Boris Cyrulnik consacre son dernier ouvrage à tous les facteurs qui peuvent contribuer à modifier une destinée. L’enfant, explique-t-il, est baigné dans une bulle sensorielle de gestes, de sourires et de musiques verbales qui constituent pour lui une enveloppe de signifiants à travers laquelle il se construit. Elle peut lui procurer un attachement sécure favorable à un développement qui soit équilibré et épanoui. Bien sûr, la stimulation saine du cerveau doit éviter la sécurité totale qui engourdit la vie émotionnelle tout autant que l’excès de stress qui, en atrophiant les circuits de l’émotion et de la mémoire, paralyse la vie psychique. Mais le plus déstructurant est quand même cet attachement désorganisé provoquant la détresse à la moindre information nouvelle. Plus les cultures et systèmes familiaux favorisent les poly-attachements, plus ils multiplient les occasions de rencontrer des liens sécurisants. Ces multiples sources laissent des empreintes mnésiques qui pourront toujours être activées au moment adéquat.
Encore faut-il que ce poly-attachement soit stable et dynamisant et ne se limite pas à un groupe de bourdons qui vient et qui s’en va sans possibilité d’investissement continu. Le style affectif ainsi acquis va notablement marquer le sujet, sans pour autant le pétrifier. Il existe toujours une possibilité de remanier les apprentissages. Et c’est particulièrement le cas lors de la rencontre amoureuse qui peut tout autant déclencher un processus de résilience que délabrer un conjoint dont l’attachement semblait pourtant bien tissé. La conjugalité et sa flambée de désir peuvent tirer sur les bords d’une déchirure mal recousue. Comme elles peuvent contribuer à transformer le style affectif en permettant notamment la modification des représentations négatives de soi acquises au cours de l’enfance.

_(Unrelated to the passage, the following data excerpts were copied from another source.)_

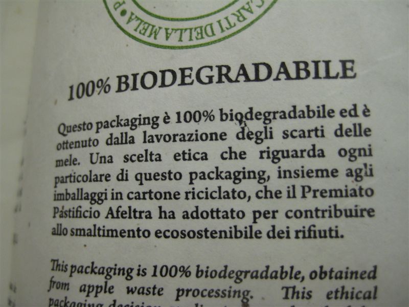 Per una volta tralascio la qualità del prodotto per esprimere il mio apprezzamento per la scelta di ricavare i sacchetti della pasta dagli scarti delle mele, recuperando uno scarto e dando vita ad un imballo biodegradabile al 100%.
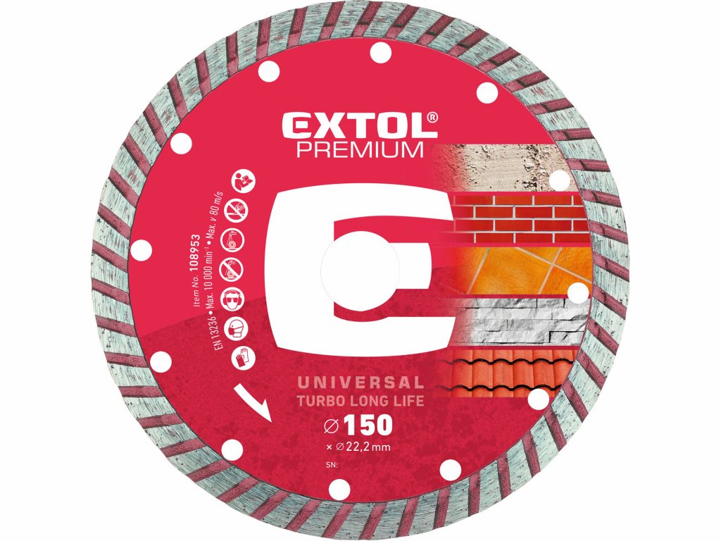 Rezné diamantové kotúče LONG LIFE s predĺženou životnosťou majú vďaka zloženiu diamantovej zmesi a výške segmentu až o 50% väčší rezný výkon, než ostatné Extol Premium kotúče.
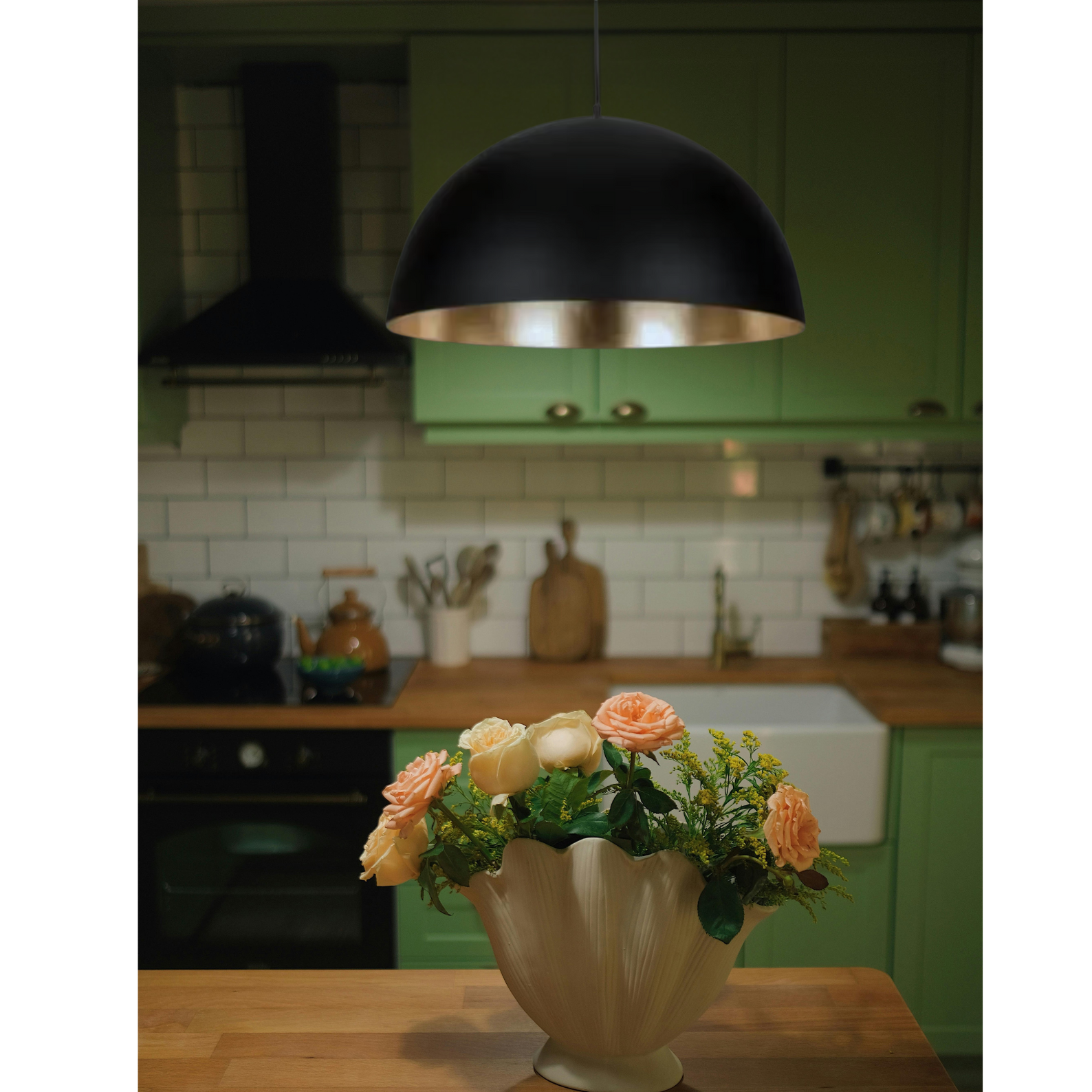 Handcrafted in Morocco, its minimalist yet striking design makes it a versatile choice for kitchens, dining areas, living rooms, or commercial spaces. The warm bronze finish adds depth and sophistication, while the dome shape provides both style and functional lighting.

Autre facteur de résilience, l’entourage, la famille, le groupe qui, lorsqu’ils savent panser et intégrer le traumatisme, font en sorte de ne pas le laisser se développer. Car, tant que le trauma n’a pas de sens, on reste sidéré, hébété, stupide, embrouillé par un tourbillon d’informations contraires qui rend incapable de penser. C’est sa mise en récit qui permet de transmuter l’événement, en le plaçant hors de soi et en le situant dans le temps. Tous les tuteurs de résilience sont à portée de main, à condition que l’entourage ne les brise pas et que le sujet blessé ait acquis avant son malheur quelques ressources intimes qui lui permettent de s’en saisir.